Australian politician (1867–1918)

James Chester Manifold (10 February 1867 – 30 October 1918) was an Australian politician and philanthropist.

==Early life==
Manifold was born at Purrumbete, near Camperdown, Victoria, attended Geelong Grammar School, and went to England with his family in 1881. However, the family returned to Australia because the northern climate did not agree with his health, and he subsequently attended Melbourne Church of England Grammar School. When he came into possession of Talindert, a property left to him by his father, he mostly rented it to dairy farmers, to whom he later sold the land on liberal terms. He was a director of the Camperdown Cheese and Butter Factory, established in 1891, and was its chairman after 1907.

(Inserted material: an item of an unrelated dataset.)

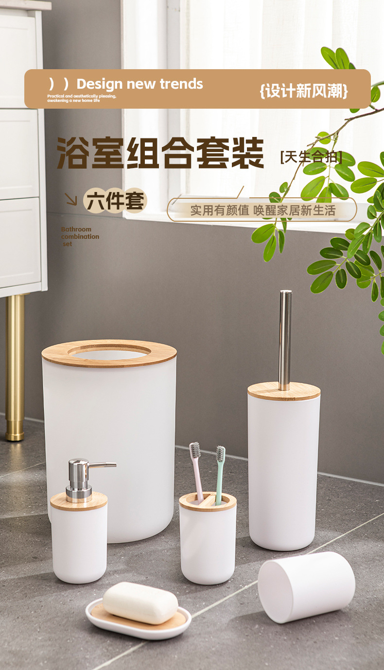 卫浴套装家用浴室卫生间清洁工具洗漱用品垃圾桶液压杯皂盒牙刷架

He was a member of Hampden Shire Council in the 1890s, being its president twice. On 11 March 1891, he married Lilian Eva Curle.

==Federal politics==
Manifold was elected to the Australian House of Representatives in 1901 as the inaugural member for Corangamite, representing the Protectionist Party. He retired in 1903 due to ill health, but in 1913 was persuaded to oppose the sitting Labor member, future Prime Minister James Scullin, representing the Commonwealth Liberal Party. He defeated Scullin in the election of that year, and held the seat until his unexpected death from pneumonia on 30 October 1918, during a voyage to North America. He was buried at sea, and was survived by a son and a daughter. In 1921, a statue of Manifold by Nelson Illingworth was unveiled at Camperdown by Prime Minister Stanley Bruce.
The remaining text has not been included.